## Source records

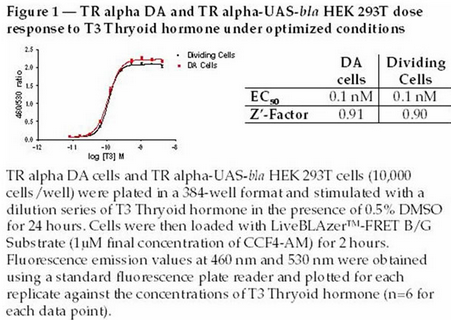 GeneBLAzer®TR alpha DA(Division Arrested) cells and TR alpha-UAS-bla HEK 293T cells contain the ligand-binding domain (LBD) of the human Thyroid hormone receptor alpha(TR alpha) fused to the DNA-binding domain of GAL4 stably integrated in the GeneBLAzer®UAS-bla HEK 293T cell line. GeneBLAzer®UAS-bla HEK 293T cells stably express a beta-lactamase reporter gene under the transcriptional control of an upstream activator sequence (UAS). When an agonist binds to the LBD of the GAL4 (DBD)-TR alpha (LBD) fusion protein, the protein binds to the UAS, resulting in expression of beta-lactamase. Division Arrested (DA) cells are available in two configurations- an Assay Kit (which includes cells and sufficient substrate to analyze 1 x 384-well plate), and a tube of cells sufficient to analyze 10 x 384-well plates. DA cells are irreversibly division arrested using a low-dose treatment of Mitomycin-C, and have no apparent toxicity or change in cellular signal transduction. Both TR alpha DA cells and TR alpha-UASbla HEK 293T 293 cells are functionally validated for Z' and EC50 concentrations of T3 Thryoid hormone. In addition, TR alpha-UAS-bla HEK 293T 293 cells have been tested for assay performance under variable conditions, including DMSO concentration, cell number, stimulation time, and substrate loading time (data available upon request). Additional testing data using alternate stimuli are also available.
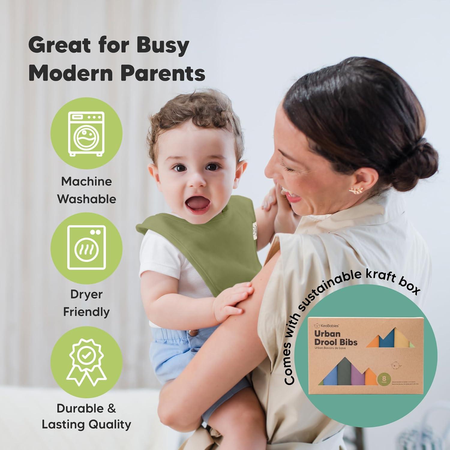 8-Pack Cute and Fun Baby Bibs for Boy and Girl – Our organic baby boy bibs and girl bibs are exclusively designed by KeaBabies to ensure that your baby never runs out of styling options. Our baby bibs are unisex and easy to match, making them a fuss-free teething baby essential.
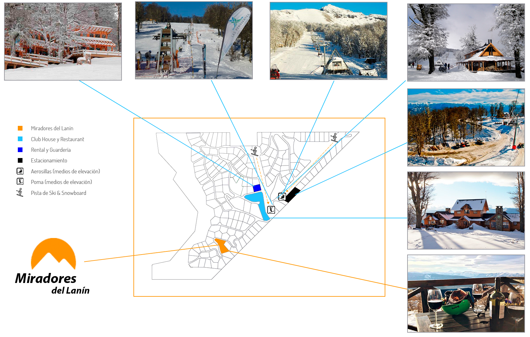 Está localizado en el Ski Village Las Pendientes, (180 lotes distribuídos según su funcionalidad, con superficies mínimas de 2.500 m2 y máximas de 10.000 m2).
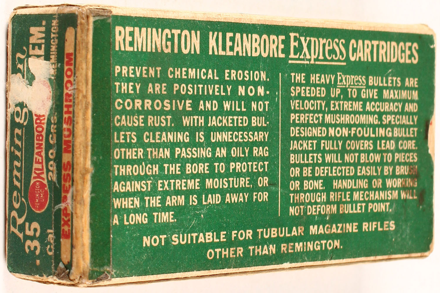 Remington, Kleanbore Express, .35 Remington, 200 Grains Mushroom Bullet, Full, 1pc. Green white & red dog bone/train box, box is solid with very good to excellent color, some age soiling, stain on top, right end flap has been torn & taped, minor edge & corner wear, left end flap is solid, ammo is very good to excellent. Grade: Very Good + - Value: 40 to 120
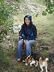 Dolly, a már nem annyira fiatal törpe uszkárunk is velünk volt. Mikor túrázunk, mindig úgy viselkedik, mint egy kölyökkutya, sosem fárad el. Ezen az úton, ahol időnként elég nagy sziklákra kellett fellépni, egy kicsit gondban volt, így néha hátulról segítettünk neki ;-)
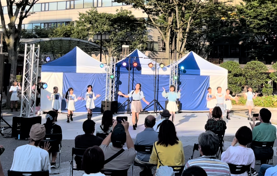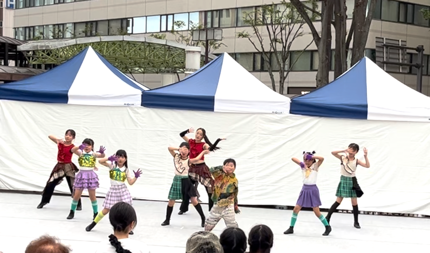 沢山のお店と、沢山の人でいっぱいの会場の中、リトルさんから高校生までのメンバーでダンスを披露いたしました。会場の雰囲気に、緊張してしまったジュニアさんの顔もちらほら見かけましたが、沢山の方に足を止めていただいて、温かい拍手をいただきました。ありがとうございました。 -
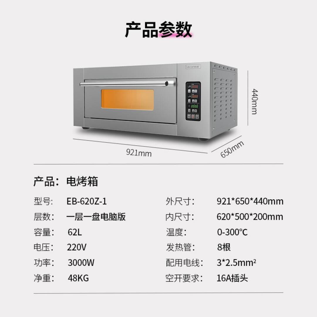 乐创(lecon)烤箱商用电烤箱大型大容量电烤炉蛋糕面包月饼披萨烤箱焗炉一层一盘220V EB-620Z-1
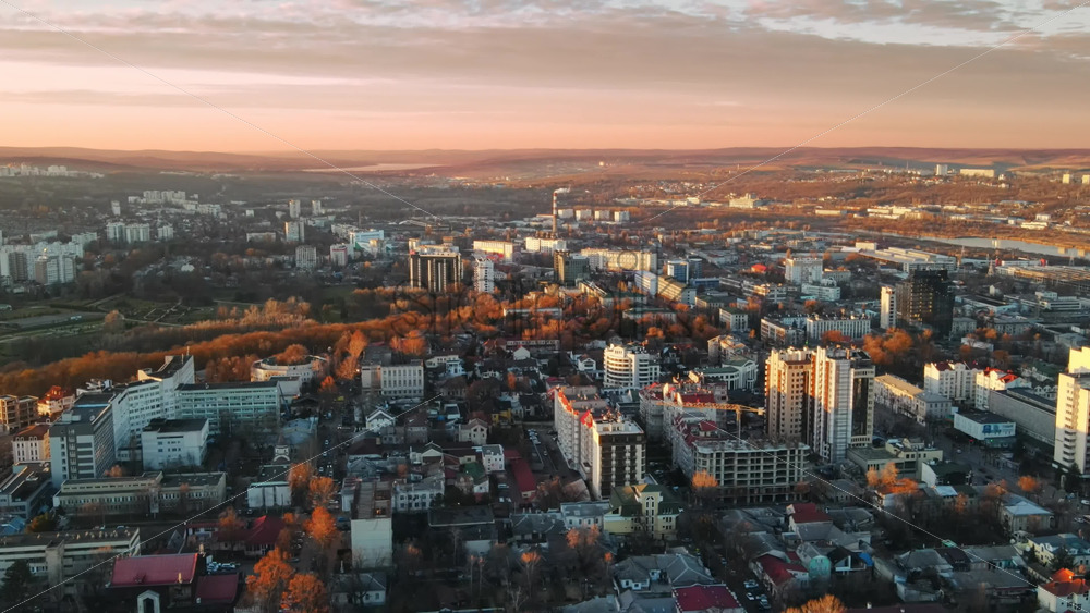 Aerial drone view of Chisinau at sunset. Panorama view of multiple buildings in city center, roads with moving cars, central park with bare trees. Moldova Royalty Free Stock Video Footage Royalty Free Stock Video Footage
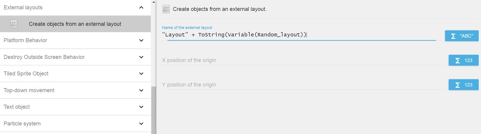 • In the Name of the external layout field, type "Layout" + ToString(Variable(Random_layout)). This will randomly add one of the external layouts to the scene.
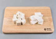 2. 두부는 사방 1cm로 잘라주고, 무는 반은 나박썰기 하고 반은 국물을 낸다.
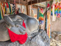 コンパクトながらも多数の花を見ることができる綺麗な神社。早春に訪れれば、ミモザとサクラが重なる姿を拝むことができます。技芸である「力持」や、落語「元犬」に関連する見所もあります!

## YOUR OBJECTIVE
Every record above needs to be repeated exactly; pictures are to be left out.

## WRITTEN SOLUTION
 GeneBLAzer®TR alpha DA(Division Arrested) cells and TR alpha-UAS-bla HEK 293T cells contain the ligand-binding domain (LBD) of the human Thyroid hormone receptor alpha(TR alpha) fused to the DNA-binding domain of GAL4 stably integrated in the GeneBLAzer®UAS-bla HEK 293T cell line. GeneBLAzer®UAS-bla HEK 293T cells stably express a beta-lactamase reporter gene under the transcriptional control of an upstream activator sequence (UAS). When an agonist binds to the LBD of the GAL4 (DBD)-TR alpha (LBD) fusion protein, the protein binds to the UAS, resulting in expression of beta-lactamase. Division Arrested (DA) cells are available in two configurations- an Assay Kit (which includes cells and sufficient substrate to analyze 1 x 384-well plate), and a tube of cells sufficient to analyze 10 x 384-well plates. DA cells are irreversibly division arrested using a low-dose treatment of Mitomycin-C, and have no apparent toxicity or change in cellular signal transduction. Both TR alpha DA cells and TR alpha-UASbla HEK 293T 293 cells are functionally validated for Z' and EC50 concentrations of T3 Thryoid hormone. In addition, TR alpha-UAS-bla HEK 293T 293 cells have been tested for assay performance under variable conditions, including DMSO concentration, cell number, stimulation time, and substrate loading time (data available upon request). Additional testing data using alternate stimuli are also available.
 8-Pack Cute and Fun Baby Bibs for Boy and Girl – Our organic baby boy bibs and girl bibs are exclusively designed by KeaBabies to ensure that your baby never runs out of styling options. Our baby bibs are unisex and easy to match, making them a fuss-free teething baby essential.
 Está localizado en el Ski Village Las Pendientes, (180 lotes distribuídos según su funcionalidad, con superficies mínimas de 2.500 m2 y máximas de 10.000 m2).
 Remington, Kleanbore Express, .35 Remington, 200 Grains Mushroom Bullet, Full, 1pc. Green white & red dog bone/train box, box is solid with very good to excellent color, some age soiling, stain on top, right end flap has been torn & taped, minor edge & corner wear, left end flap is solid, ammo is very good to excellent. Grade: Very Good + - Value: 40 to 120
 Dolly, a már nem annyira fiatal törpe uszkárunk is velünk volt. Mikor túrázunk, mindig úgy viselkedik, mint egy kölyökkutya, sosem fárad el. Ezen az úton, ahol időnként elég nagy sziklákra kellett fellépni, egy kicsit gondban volt, így néha hátulról segítettünk neki ;-)
 沢山のお店と、沢山の人でいっぱいの会場の中、リトルさんから高校生までのメンバーでダンスを披露いたしました。会場の雰囲気に、緊張してしまったジュニアさんの顔もちらほら見かけましたが、沢山の方に足を止めていただいて、温かい拍手をいただきました。ありがとうございました。 -
 乐创(lecon)烤箱商用电烤箱大型大容量电烤炉蛋糕面包月饼披萨烤箱焗炉一层一盘220V EB-620Z-1
 Aerial drone view of Chisinau at sunset. Panorama view of multiple buildings in city center, roads with moving cars, central park with bare trees. Moldova Royalty Free Stock Video Footage Royalty Free Stock Video Footage
 • In the Name of the external layout field, type "Layout" + ToString(Variable(Random_layout)). This will randomly add one of the external layouts to the scene.
 2. 두부는 사방 1cm로 잘라주고, 무는 반은 나박썰기 하고 반은 국물을 낸다.
 コンパクトながらも多数の花を見ることができる綺麗な神社。早春に訪れれば、ミモザとサクラが重なる姿を拝むことができます。技芸である「力持」や、落語「元犬」に関連する見所もあります!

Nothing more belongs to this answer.